■ **Directions for this task**: Exactly as written, write out the lines below from the first to the one containing "23 กุมภาพันธ์ 2561", inclusive. Pictures do not belong in the copy.

■ **Raw data**:
# # # # # # #

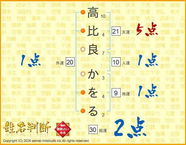生活面を象徴する運勢です。外部から受ける影響力を表し、結婚運、家庭運や職場、環境への順応性を表します。総運から人運を引いた画数。姓や名が1文字の場合を除く。
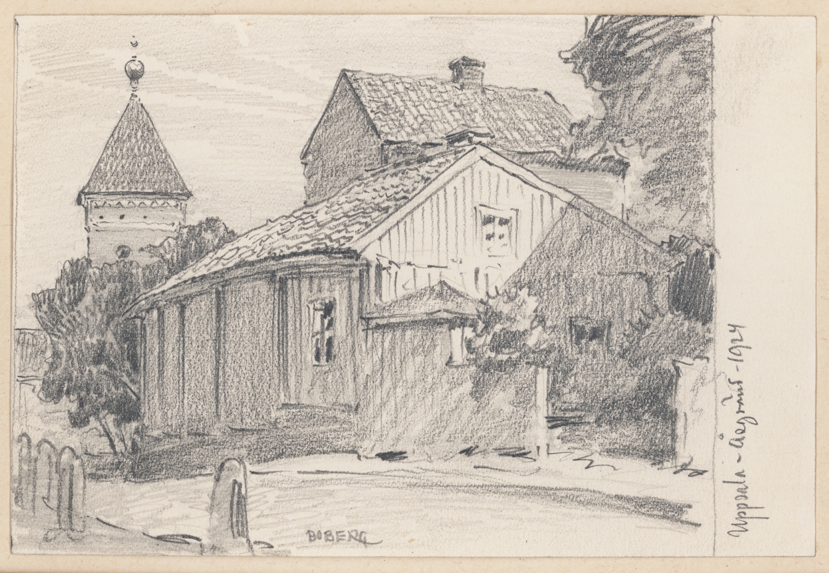 Uppsala. Åsgränd 1924. Blyertsteckning av Ferdinand Boberg.
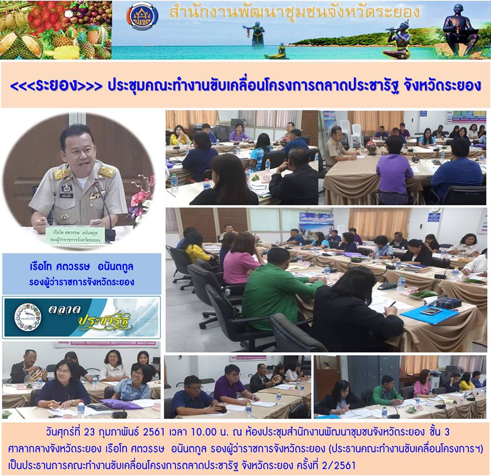 23 กุมภาพันธ์ 2561 ประชุมคณะทำงานขับเคลื่อนโครงการตลาดประชารัฐ จังหวัดระยอง 25 กุมภาพันธ์ 61 / 19.58 น. (Visited 1 times, 1 visits today)Facebook iconFacebookTwitter iconTwitterLINE iconLine
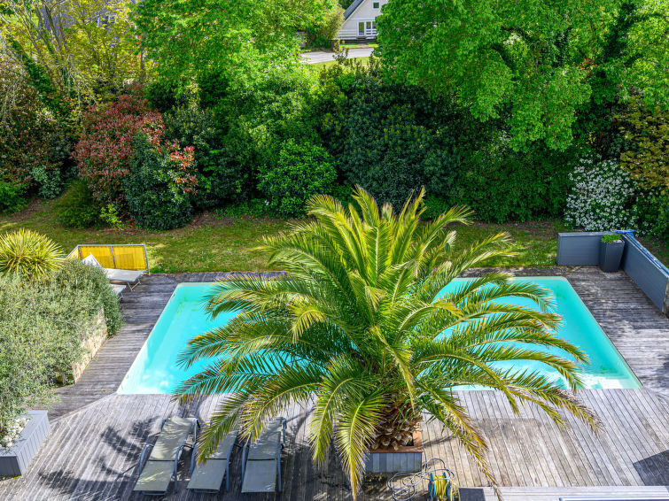 Huis met 3 woningen "Villa Pyramide I", van 3 verdiepingen. Aan de rand van de plaats, 2 km van het centrum van Saint-Philibert, rustige ligging, 50 m van zee, van het strand, aan een doodlopende weg. Voor medegebruik: tennisbaan. Voor alleengebruik: verzorgde tuin 300 m2, openluchtzwembad verwarmd (11 x 5 m, 150 - 150 cm diepte, seizoensgebonden beschikbaarheid: 15.Mei. - 15.Okt.) met trap en alarminstallatie. Parkeerplaats (voor 5 auto's) bij het huis. Levensmiddelenwinkel 2 km, restaurant 2 km, bakkerij 2 km, café 2 km, zandstrand "Kernevest" 900 m. Jachthaven 1.5 km, golfterrein (18 holes) 12 km, zeilschool 900 m, wandelroutes 50 m vanaf het huis. Attracties in de buurt: La Trinité-sur-mer 2 km, Carnac et ses alignements 7 km, Auray - Port de St Goustan 15 km, Presqu'île de Quiberon 25 km, Vannes 25 km, Belle-île, Houat et Hoëdic. Wandelgebied Golfe du Morbihan 20 km.

# # # # # # #

■ **Solution to this task**:
生活面を象徴する運勢です。外部から受ける影響力を表し、結婚運、家庭運や職場、環境への順応性を表します。総運から人運を引いた画数。姓や名が1文字の場合を除く。
 Uppsala. Åsgränd 1924. Blyertsteckning av Ferdinand Boberg.
 23 กุมภาพันธ์ 2561 ประชุมคณะทำงานขับเคลื่อนโครงการตลาดประชารัฐ จังหวัดระยอง 25 กุมภาพันธ์ 61 / 19.58 น. (Visited 1 times, 1 visits today)Facebook iconFacebookTwitter iconTwitterLINE iconLine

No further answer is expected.